You do not need to file Form 8833 to exclude the employer contribution amount from the employee's gross income.

Ordinarily, disclosure is required for a treaty-based return position that is different from what the Internal Revenue Code requires. IRC §6114(a). Disclosure is made on Form 8833.

But the Regulations waive the disclosure requirement for situations like this. Reg. §1.6114-1(c)(1)(iv) states (emphasis added):

An employer contribution to a retirement plan is income derived from personal services provided by the employer—“dependent personal services” in tax lingo. That’s why the exception in the Regulations will apply to excuse you from having to report the exclusion of the employer contribution from the U.S. employee’s gross income.

Conclusion

U.S. citizens living and working in the U.K. may exclude employer contributions made on their behalf to a U.K. SIPP from their individual gross income. U.S. green card holders cannot exclude employer contributions from their gross income for U.S. income tax purposes.
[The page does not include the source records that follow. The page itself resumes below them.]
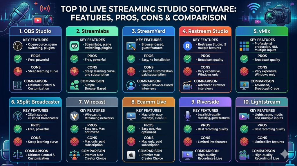 Live streaming studio software helps creators, businesses, and organizations produce, manage, and broadcast live video content with professional-level control. Unlike basic streaming tools, these platforms provide features such as multi-camera switching, overlays, real-time production controls, and audience engagement tools.
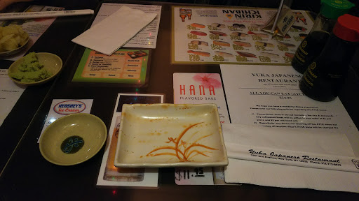 After looking at reviews, my gf and I from Ontario thought we would splurge on some AYCE sushi. We tracked down this place and thought we would give it a shot. Now I have enjoyed AYCE for the longest time; however, my experience at Yuka makes me wonder if I have just been lucky with all the sushi places I have gone to. Yukas AYCE menu was really small and for any rolls such as dragon or shrimp you had to pay a premium. The nigiri sushi had a lot of rice under it, served warm, the dragon roll (yes I paid for the "premium sushi") was massive with lots of rice, and no sashimi on their AYCE menu. I have never eaten sushi where the rice and fish were served warm, not to mention the fish smell as you enter - a key sign that the sushi isnt kept cold. Finally the last thing that my gf pointed out was the bathroom. According to her and I will quote "America is a prosperous country, why do they have a 3rd world like bathroom? The toilet and sink were made out of steel and it might has well have been a prison. The floor was sticky and wet." Thank goodness she went to the bathroom after we ate because I would have left right away. Overall, experience was horrible and will never, ever recommend this place
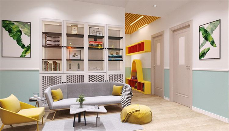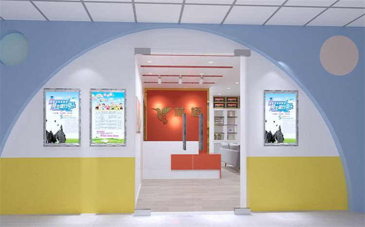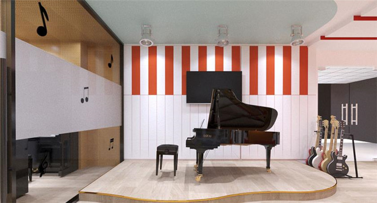 前廳不變的情況下,logo背景墻色調偏重,所以運用了色彩降噪,添加了一些偏冷色調,不僅能夠提升整個空間的舒適感,還能給孩子一個安全、放松的空間。結合了logo的主色調,再進行色彩搭配可以形成歡快、親切、活潑的色彩氛圍。與此同時還設置了也增加了兩間鋼琴室,提高了空間利用率。大廳玻璃教室內墻面貼了吸音板,一方面體現(xiàn)機構在音樂上的專業(yè)性,另一方面就是讓空間的隔音效果做到最佳,讓孩子在學習的時候不受干擾,能夠安靜的學習。
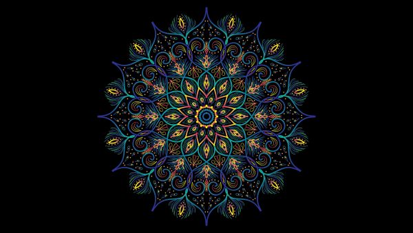 En fargerik mandala på en svart bakgrunn. De muntre fargene i denne mandalaen skaper en koselig atmosfære i rommet med dette fototapetet.
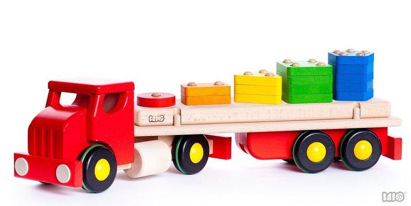 Grand camion PC rouge brut de chez Bajo. Ce n'est pas seulement un camion ! Il peut transporter de nombreuses formes géométriques sur sa remorque. Idéal pour apprendre les couleurs et les formes, ou même pour les premiers jeux arithmétiques. Dimensions : 50 x 10 x 14 cm.
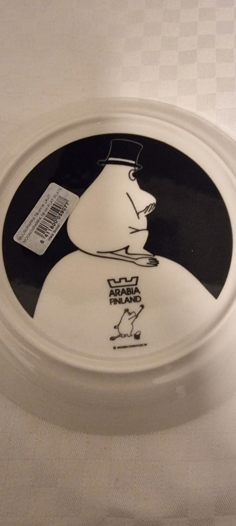 22 €Muumikulho: Muumipappa tuumiskelee, musta (2004-2013)Tyrnävä, Tyrnävä, Pohjois-Pohjanmaa4.12.FinmugLisää suosikiksi.
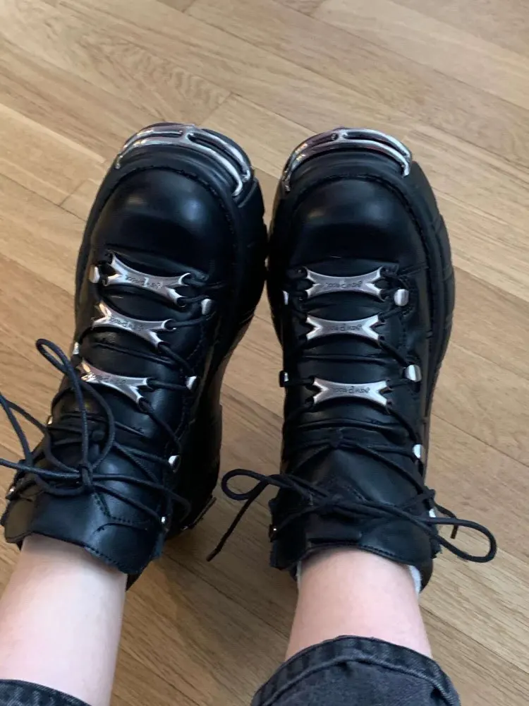 Женские кроссовки в стиле панк на платформе, модная повседневная обувь в стиле рок, женские мотоциклетные ботинки с металлическим украшением, модель st504, 2021
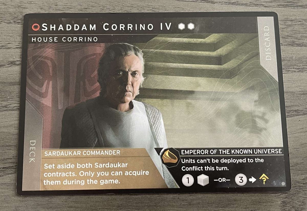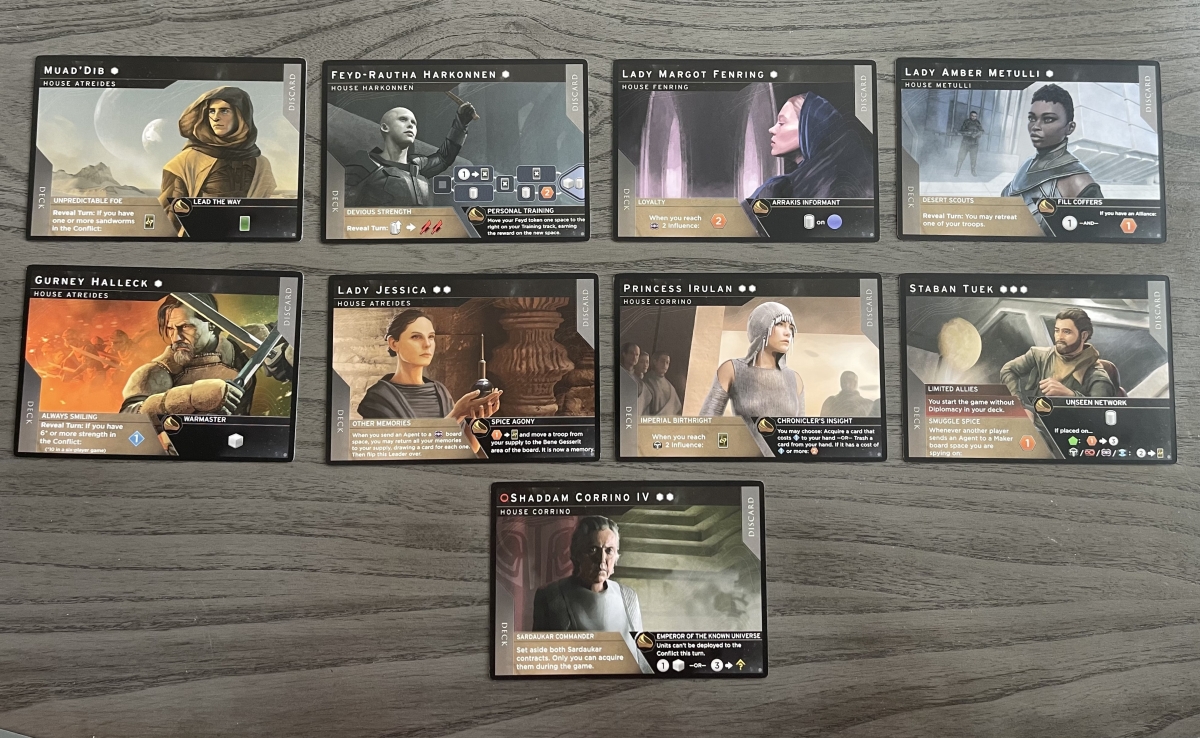 The six-player game rules has two teams playing against each other. Each team has a Commander, and two allies. The Commanders are Muad’Dib and Emperor Shaddam Corrino IV, and their allies can select leaders as normal from the remaining Leader cards. In addition to their Leader cards, during setup the Commanders will also take their respective personal boards.
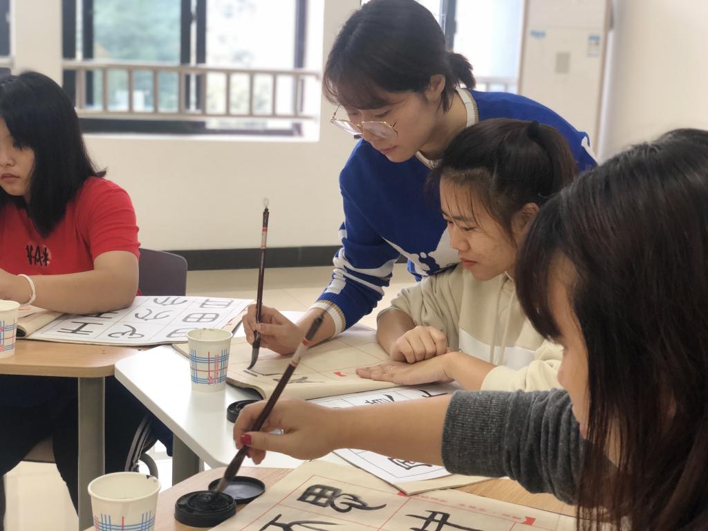 2019年10月15日下午,为了使泰国玛丽薇游学师生更好地了解中华传统文化,体会传统书法艺术,重庆师范大学涉外商贸公司于9516教室开展了中华文化特色体验课程——书法课
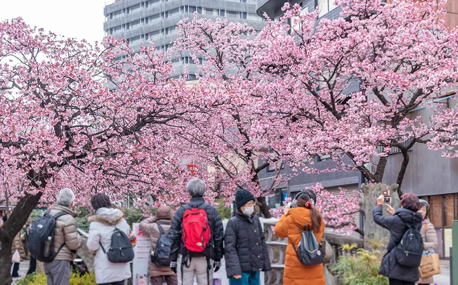 また、長年熱海で愛されるお店が立ち並ぶ川沿いに植樹されているのは日本一の早咲きとして知られる「あたみ桜」。
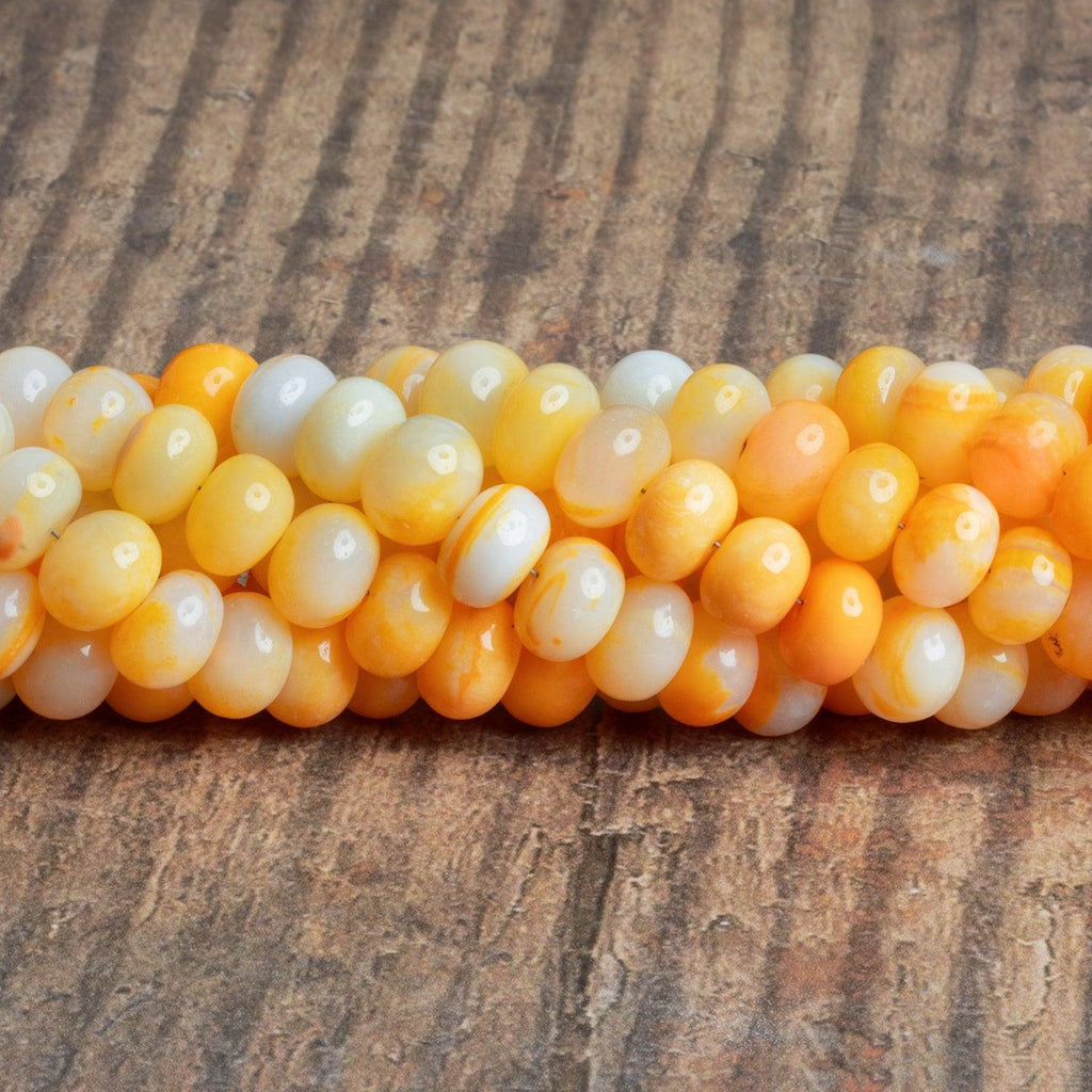 These beads average 8mm to 9mm in diameter with a 0.5mm drill hole. These strands feature a vibrant yellowish-orange color palette that has to be seen to be believed. Expect some eye-catching patterns & textures on these unique, curated strands perfect for a wide range of jewelry designs.

The exclusion allowed is limited to the lowest of three numbers:

  • the amount of the employer contribution that is excluded from the employee’s U.K. income;
  • $70,000 (for tax year 2025) minus the employee contributions to the U.K. SIPP; or
  • the employee’s actual compensation.

This is a treaty-based reporting position that overrides the default Internal Revenue Code rules, but Form 8833 is not required to disclose the treaty-based reporting position.